Because the data are not strictly tabular we need to find ways to coerce the data into tables or matrices.
Once the data is stored as a matrix it can be operated on by numerous R functions and packages.
Because the data are large, this process needs to happen in a computationally efficent manner.
Here we explore how vcfR facilitates these tasks.
## Extracting data matrices
Typical VCF datasets are so large that it is not practical to view them in their entirety.
Here we use the example dataset `vcfR_test` which comes with vcfR.
This is a nice dataset because it is small enough to visualize.
```{r}
library(vcfR)
data("vcfR_test")
head(vcfR_test)
```
In the genotype section we see four columns: a FORMAT column that indicates the contents of subsequent columns and three sample columns.
Variants one through four contain four pieces of information with each genotype (GT:GQ:DP:HQ).
The meaning of these acronyms should be defined in the meta section.
Each element of the genotype matrix therefore contains a colon delimeted list that we need to parse before we can work with it.
For example, if we wanted to analyze teh genotypes we would need to isolate them from the other information.
Thsi can be accomplished using the function `extract.gt()`.
```{r}
gt <- extract.gt(vcfR_test)
gt
```
When a genotype section is included in VCF data the one mandatory field is the genotype (GT) and it must be the first.
The genotype is the default field for `extract.gt()` to work on.
Note that the samplers names have been used to name the columns.
The variant names (row names) are a little more complicated.
The 'ID' column of the fixed section contains optional unique identifiers.
These typically come from some sort of database of variants.
If this column were entirely populated with unique identifiers we could use it to name our variants.
However, all variants do not always have an ID.
For example, variants 2 and 4 have missing IDs (NA).
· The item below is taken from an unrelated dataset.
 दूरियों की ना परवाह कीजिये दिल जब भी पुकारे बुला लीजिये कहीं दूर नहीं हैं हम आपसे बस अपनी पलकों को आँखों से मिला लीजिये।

The function `extract.gt()` tries to name these variants by combining the chromosome (CHROM) and the position (POS) with the delimiter '_' to create a name.
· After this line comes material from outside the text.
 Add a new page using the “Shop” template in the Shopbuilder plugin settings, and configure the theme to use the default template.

We see in our matrix of genotypes that they all have a name.
We can also extract numeric data from our VCF data.
We can do this by selecting a numeric element and setting the parameter `as.numeric = TRUE`.
```{r}
gt <- extract.gt(vcfR_test, element = 'DP', as.numeric = TRUE)
gt
```
Here we've extracted the sequence depth (DP) of each variant and converted it to a numeric.
Because they are numeric they may be used for quantitative comparisons.
Much of R is designed to work with matrices of numbers.
Be careful setting the parameter `as.numeric = TRUE`.
It will do its best to convert the data to a numeric, even if this may not make sense.
For example, we could convert the genotype to numeric.
```{r}
gt <- extract.gt(vcfR_test, element = 'GT', as.numeric = TRUE)
gt
```
This operation did not throw an error, but the resulting matrix doesn't appear to make much sense.
Only ask to convert numeric data to numeric data or you will probably get unexpected results.
## Matrix parsing
Some elements fromthe genotype section may require further parsing.
In our example the haplotype quality (HQ) includes a quality for each haplotype and these values are comma delimited.
```{r}
gt <- extract.gt(vcfR_test, element = 'HQ')
gt
```
Note that some elements contain data while in others it is missing.
```{r}
myHQ1 <- masplit(gt[,1:2], sort = 0)
myHQ1
```
The function `masplit()` is fairly flexible in that you can choose which element to return and you can also sort the data prior to selection.
These functions should help make VCF data accessible to the wealth of existing R functions and packages.